I just did an install of RHEL5.3-Server-20081008.nightly on z213 and it worked fine. So maybe this is an intermittent problem?
Are we calling this test infrastructure or a real bug? I don't think it's a bug in pyparted.
I think it is still to early to say. We still have conflicting data. We have see this on several systems now. z215.z900.redhat.com z209.z900.redhat.com z206.z900.redhat.com z202.z900.redhat.com Unless it is unique to certain s/390 systems, or it is a timing issue. The system that Bill used for his test was z213.z900.redhat.com The test infrastructure is pretty static. It may deviate a little based on the tests that are selected to run. Some packages may be added to the install but that is about it. Running a query in RHTS. Bills reserve workflow is the only one that passed. http://tinyurl.com/4rq4og
RHEL5.3-Server-20081012.nightly - Failed Full log: http://rhts.redhat.com/cgi-bin/rhts/test_log.cgi?id=4634043 <snip> Running anaconda, the Red Hat Enterprise Linux Server system installer - please wait... eth0: no IPv6 routers present Running pre-install scripts Please wait while formatting drive dasda... dasd(eckd): 0.0.303d: (4kB blks): 2404080kB at 48kB/trk compatible disk layout dasda: detected capacity change from 0 to 2461777920 dasda:(nonl)/ : dasda1 dasda:VOL1/ 0X303D: In progress... . . . . dasd(eckd): 0.0.363d: (4kB blks): 2404080kB at 48kB/trk compatible disk layout dasdg: detected capacity change from 0 to 2461777920 dasdg:(nonl)/ : dasdg1 dasdg:VOL1/ 0X363D: In progress... Please wait while formatting drive dasdh... dasd(eckd): 0.0.373d: (4kB blks): 2404080kB at 48kB/trk compatible disk layout dasdh: detected capacity change from 0 to 2461777920 dasdh:(nonl)/ : dasdh1 dasdh:VOL1/ 0X373D: In progress... *** glibc detected *** /usr/bin/python: double free or corruption (!prev): 0x000 0000080da5100 *** </snip>
I'm not sure this is a pyparted bug. Here is the only instance of free() in pyparted: void py_ped_exception_string_clear (void) { if (py_exception_string != NULL) { free (py_exception_string); py_exception_string = NULL; } } I think this is a libparted bug. I seem to remember hitting glibc double free errors under 5.1 or 5.2 (or both) and it being a strange libparted problem. I'm going to reassign to Joel because I think this is a libparted issue at this point. Joel this could be pyparted or libparted or both. I'm not sure yet, but I really don't think it's pyparted after looking through the code. I think libparted is segfaulting for some other reason.
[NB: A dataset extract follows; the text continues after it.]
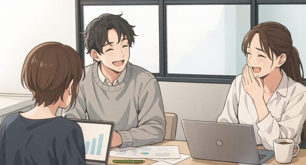雑談が苦手でも、聞き役に回ることで「一緒にいると安心する人」と思われることが多いです。実際に社内で信頼される人は「面白い話をする人」よりも「ちゃんと話を聞いてくれる人」であることが多いんです。だから、話すのが得意でなくても安心してください。聞き役で十分に信頼を得ることができます。あるケースが多いんです。つまり、雑談を盛り上げなくても、聞き上手になるだけで職場での信頼関係はしっかり築けます。

I really doubt this is a regression related with parted because I reverted all the s390 changes that went into parted. Could this be an issue with python or glibc? Brok: Think we can setup a s390 machine to test parted and see how it partitions a dasd drive. If its a parted bug I would expect to see it while parted makes the partition. Im going to check the frees in libparted and see which one is not checked.
I watched some s390 installs last night and it doesn't happen everytime. When it does happen it happens right after all the low level formatting Please wait while formatting drive dasdg... dasd(eckd): 0.0.363d: (4kB blks): 2404080kB at 48kB/trk compatible disk layout dasdg: unknown partition table dasdg:VOL1/ 0X363D: which is where it would be partitioning the drives it just low level formatted.
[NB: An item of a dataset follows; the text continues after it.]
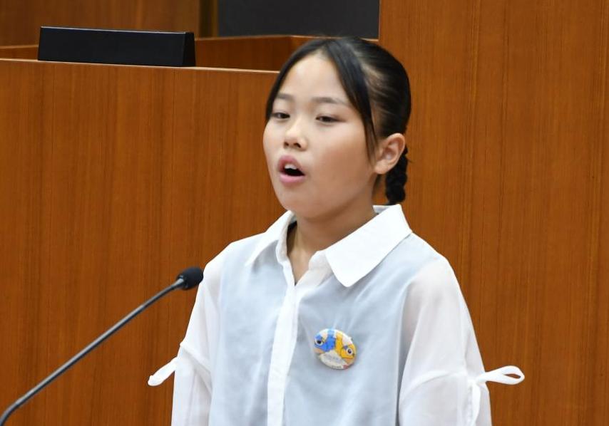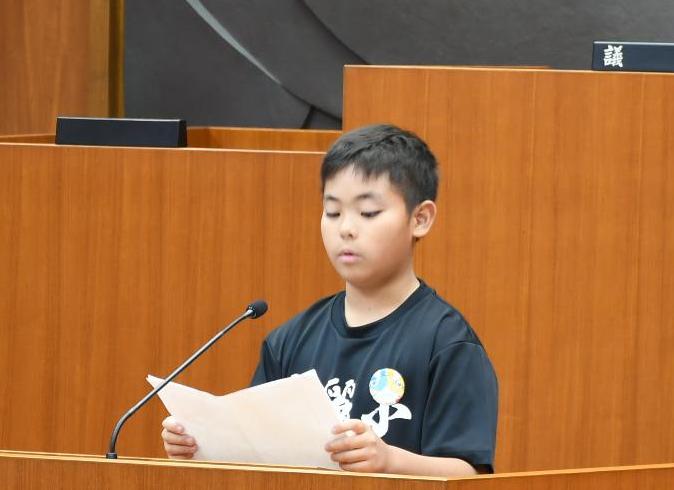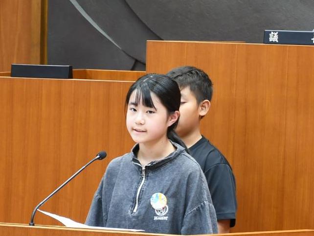 子ども議員は、壇上に立つと、緊張しながらも自分の考えを述べ、立派な質問ができました。そして市長と教育長も、子ども議員の真剣な思いに応えるため、丁寧に答弁を行い、子ども議員は真剣な面持ちで耳を傾けていました。

After talking with Brock we think the biggest difference between RHTS and Kate is that RHTS does an initlabel on all drives before partitioning. I've scheduled a job on RHTS with 4 recipes doing no initlabel and 4 recipes doing initlabel. http://rhts.redhat.com/cgi-bin/rhts/jobs.cgi?id=32485 We'll wait for these results and see if there is anything.
Bill: comment 12, Seem very logical from my point of view. It has yet to reproduce in parted though. I still think patching up the dangling frees is the best thing I can do at this point. Dcantrell: commit 5241e33a5193f5d0a73d36853645ca0ac10e8530 for anaconda. If I'm reading the diff right, you changed the order in which we call dasdFmt and create the pedDevice and pedDisk. Any particular reason for this change? Do you think we would gain something changing this order back? Seeing the reported behavior it probably a race condition between anaconda/pyparted and parted. I'll still make the parted changes but I would still like to know the answer to my quesiton to dcantrell.
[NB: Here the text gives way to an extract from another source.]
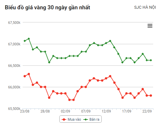 Công ty Vàng bạc đá quý Sài Gòn niêm yết giá vàng SJC tại thị trường Hà Nội ở mức 65,80 triệu đồng/lượng chiều mua vào, 66,65 triệu đồng/lượng bán ra.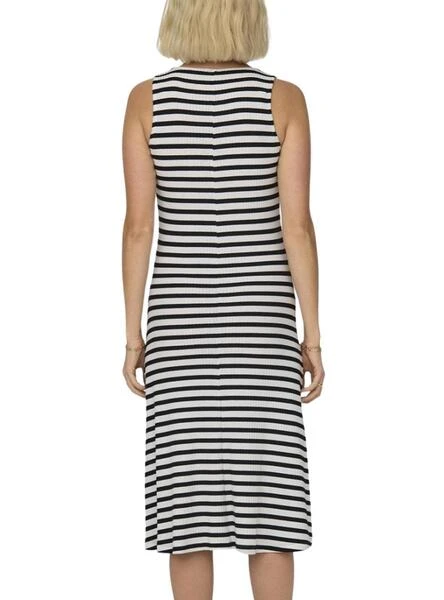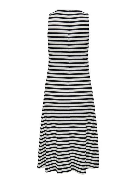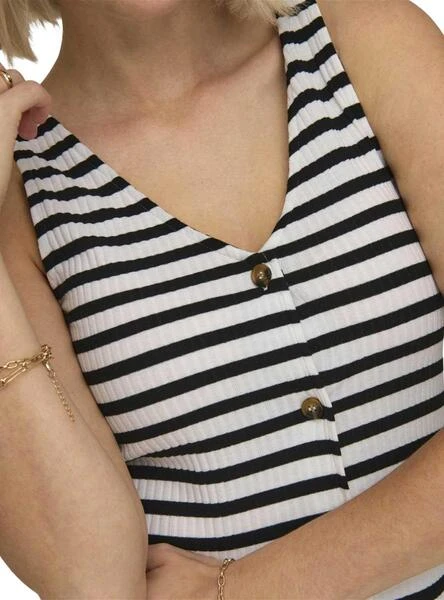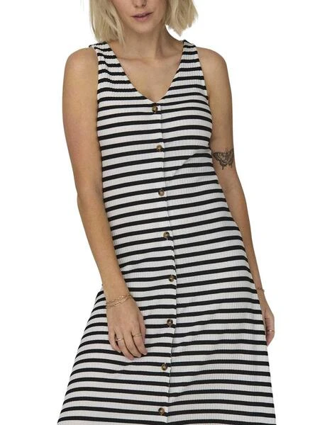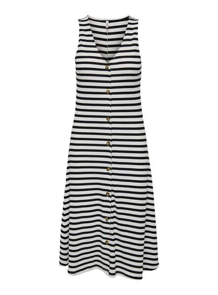 Robe Only. Modèle Nella Button. Rayures imprimées. Encolure en V. Boutons sur la poitrine. Sans manches. Tissu en polyester, viscose et élasthanne. Tissu élastique. Coupe au genou.

(In reply to comment #13) > After talking with Brock we think the biggest difference between RHTS and Kate > is that RHTS does an initlabel on all drives before partitioning. I've How exactly is this done, with dasdFmt? What is the exact line? Its relevant so I can test it with parted.
clearpart --all --initlabel --drives=dasda,dasdb,dasdc,dasdd,dasde,dasdf,dasdg,dasdh The above is all on one line. clearpart --all Thats the difference between the two recipes so far. without the --initlabel arg I've successfully installed 3 out of 4. Just waiting on the last one now. Then it will do the installs with the initlabel. I'm guessing I will have failures when it gets to those recipes.
The RHTS job finished: 4 recipes with no initlabel in them all passed. 2 out of 4 recipes with initlabel showed the double free error. I've asked Brock to confirm my findings.
(In reply to comment #14) > Dcantrell: > commit 5241e33a5193f5d0a73d36853645ca0ac10e8530 for anaconda. If I'm reading > the diff right, you changed the order in which we call dasdFmt and create the > pedDevice and pedDisk. Any particular reason for this change? Do you think we > would gain something changing this order back? This was a patch to support picking up DASDs with the FBA discipline ("VDSK" devices). I didn't mean to move around the order of dasdFmt and pedDevice/pedDisk, I think that was by accident. Here's what I think it should be: diff --git a/partedUtils.py b/partedUtils.py index 77b8511..2ed84c6 100644 --- a/partedUtils.py +++ b/partedUtils.py @@ -1160,11 +1160,11 @@ class DiskSet: # FIXME: need the right fix for z/VM formatted dasd if rhpl.getArch() == "s390" and drive[:4] == "dasd" and \ not self.isDisciplineFBA(drive): - dev = parted.PedDevice.get(deviceFile) - disk = parted.PedDisk.new(dev) - if self.dasdFmt(drive): raise LabelError, drive + + dev = parted.PedDevice.get(deviceFile) + disk = parted.PedDisk.new(dev) else: disk = labelDisk(deviceFile) except parted.error, msg: Like you said, make sure we get the dasdFmt() done before we call parted.
I've verified the behavior using the --initlabel line as bill specified in kate ... looks like we've identified the root cause ...
Can you please test with http://jgranado.fedorapeople.org/temp/initlabel.img to see if the problem persists. This has the change expressed in comment 18. This plus the changes to the parted free statements should do the trick. Be sure that the install tree that you are working with has anaconda version 11.1.2.142. If you have a nightly you should be ok.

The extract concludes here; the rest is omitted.